Written by Hannah Chun



Humans are, in many ways, frail. Consuming the wrong flowers, touching the wrong mushrooms and being bitten by the wrong mosquitoes  all send us to early graves. Despite that, humans are strong, capable of things the rest of mammals on the planet are not. Handling fire, maneuvering complex machines, not only burning but annihilating a forest to a crisp… or even raising an entire civilisation from scratch. Yet, much too often, we are killed by our own creations.


‘The Radium Girls: The Dark Story of America's Shining Women’ by Kate H. Moore tackles both these fundamental weaknesses of humans: both physical limitations and selfishness— along with the unwavering bravery of the same species set on the edge of death. 


‘The Radium Girls’ is a biography, featuring dial painters in the early 20th century - the century of the ‘radium craze’ in the United States. Fooled by the illusion of bright fluorescence, people loved Radium, gobbling it up as a fashion and health trend. The haunting glow that radium possessed was America’s fascination during the turn of the century, not being aware that the very paint covering their tables and  chairs was decaying their bones as  they ate gravy and mashed potatoes for lunch.

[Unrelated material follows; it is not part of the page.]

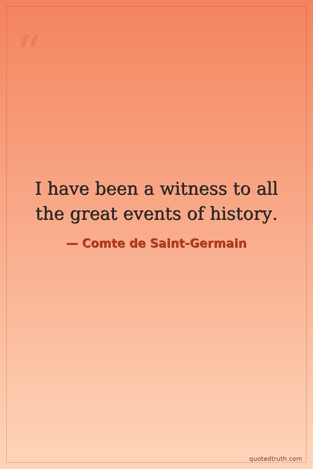 Controversial"Sometimes I amuse myself not by making people believe, but by letting them believe, that I have lived in the most remote ages."
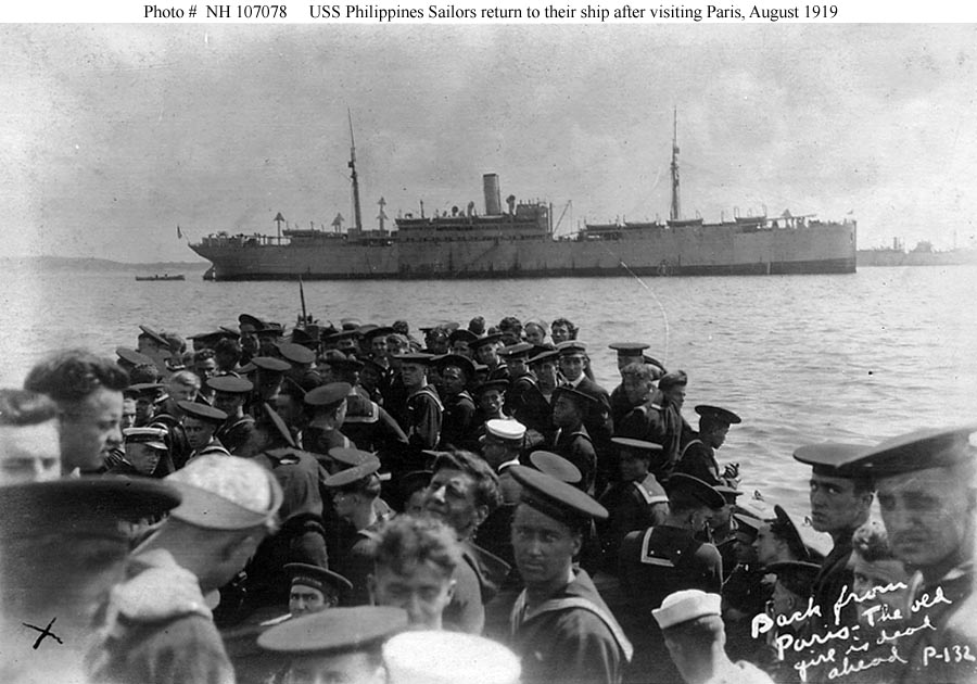 Photographed from a launch returning crew members to the ship after a sightseeing trip to Paris, France in August 1919.

Dial painters, who were mostly young women, handled radium paint, painting clock dials day and night with gleaming smiles. They were told that their profession was the dream; it was both sanitary and high paying. The only downside was that the women were expected to ‘lip point’ while already being covered head to toe with glistening radium dust. Lip pointing was a painting technique derived from Japan, using their lips to develop the perfect paintbrush points, which inadvertently led to them putting the radium paint directly in their mouths. This was to prevent the dial painters from wasting any paint with the incredibly precious radium in it.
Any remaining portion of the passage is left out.